Produce one exact copy of the records, no pictures.

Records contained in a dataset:

⁂

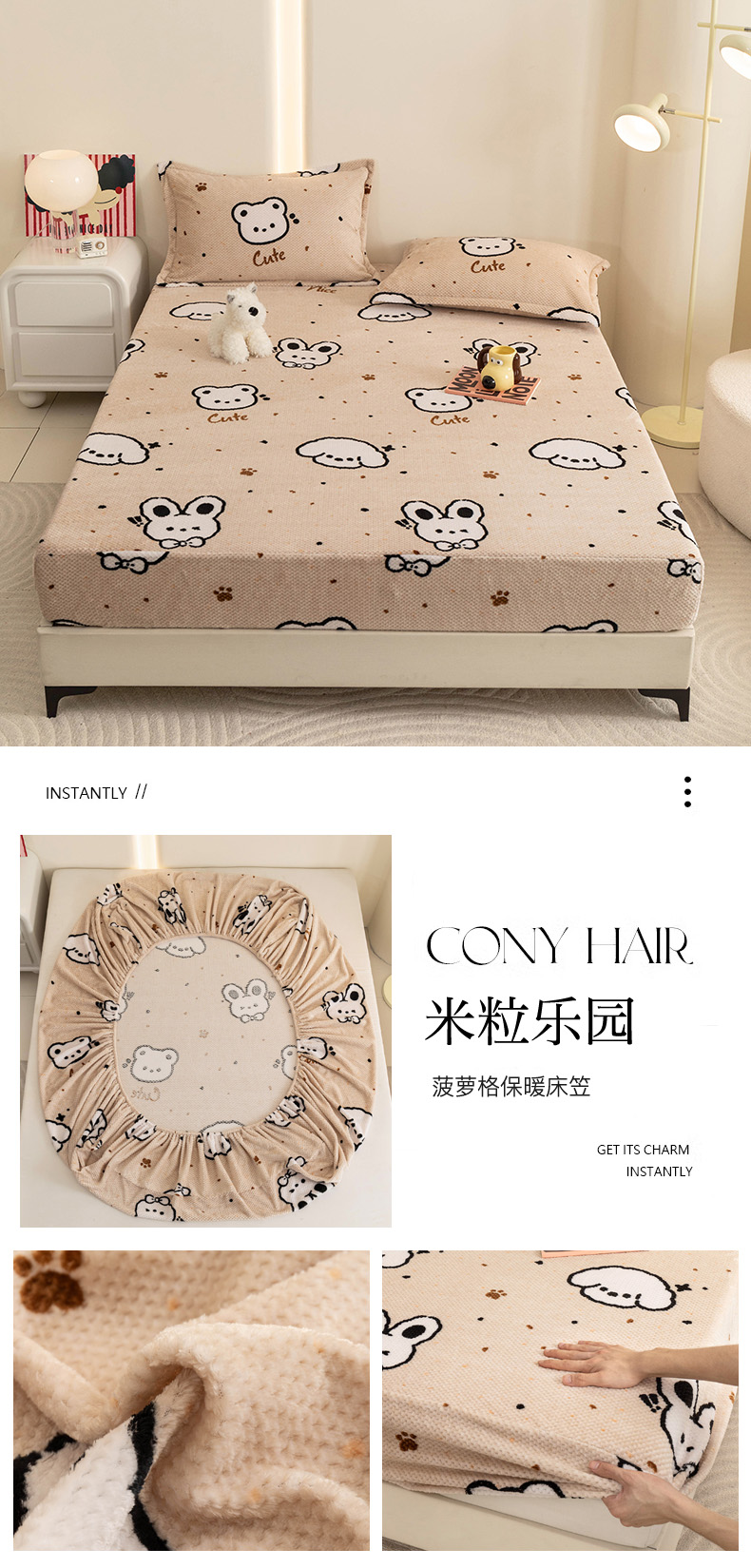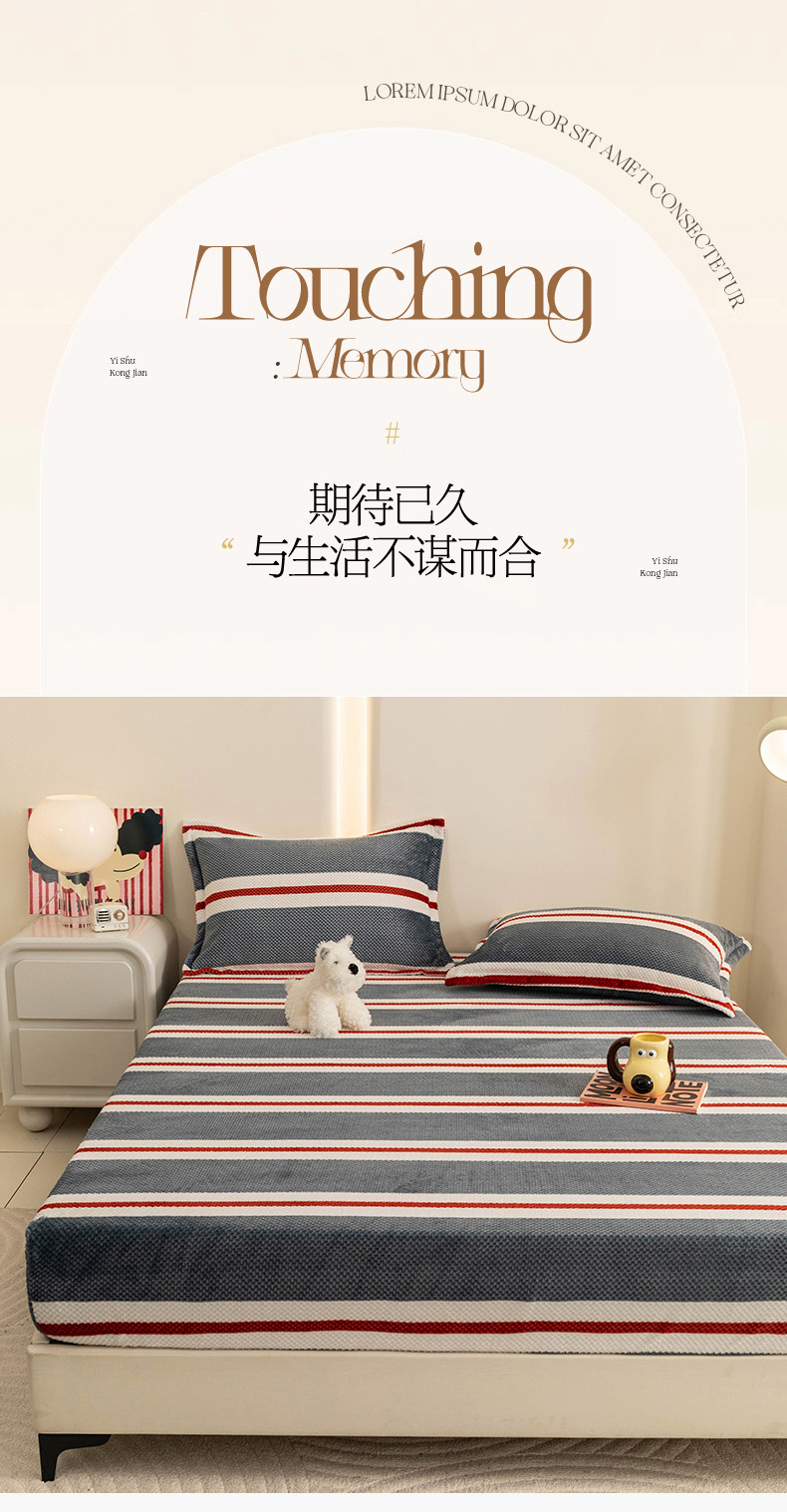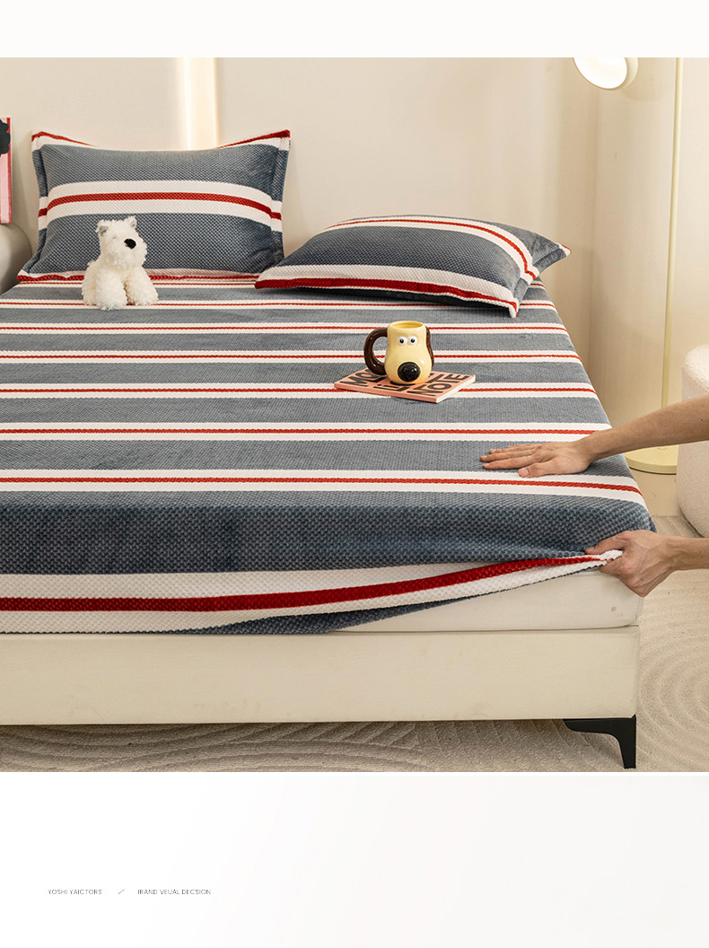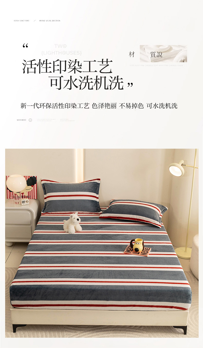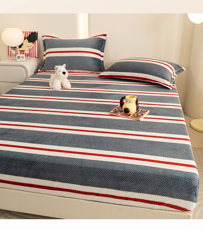 倾慕家纺 2026新款立体菠萝格印花保暖床笠 英伦横条
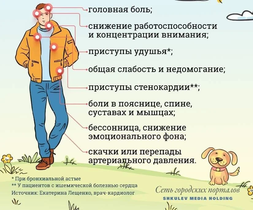 Основные симптомы метеозависимости (инфографика)
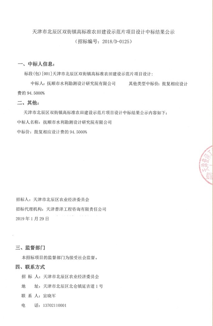 天津市北辰区双街镇高标准农田建设示范片项目设计中标结果公示
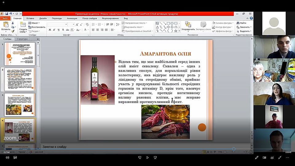 На кафедрі технології оздоровчих продуктів продовжуються успішні захисти кваліфікаційних робіт здобувачів освітнього ступеню «бакалавр».
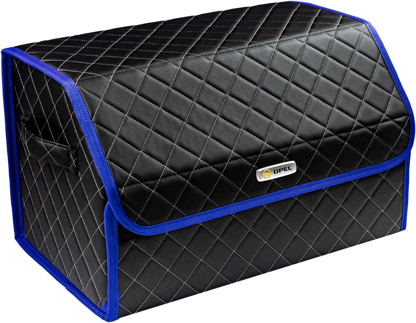 Special Offer Сумка-органайзер в багажник автомобиля из экокожи черная с серой нитью ViceCar (темно-синий кант) с логотипом OPEL Discount [NEW!!] Today!

⁂

*ANSWER FOR THE TASK*
 倾慕家纺 2026新款立体菠萝格印花保暖床笠 英伦横条
 Основные симптомы метеозависимости (инфографика)
 天津市北辰区双街镇高标准农田建设示范片项目设计中标结果公示
 На кафедрі технології оздоровчих продуктів продовжуються успішні захисти кваліфікаційних робіт здобувачів освітнього ступеню «бакалавр».
 Special Offer Сумка-органайзер в багажник автомобиля из экокожи черная с серой нитью ViceCar (темно-синий кант) с логотипом OPEL Discount [NEW!!] Today!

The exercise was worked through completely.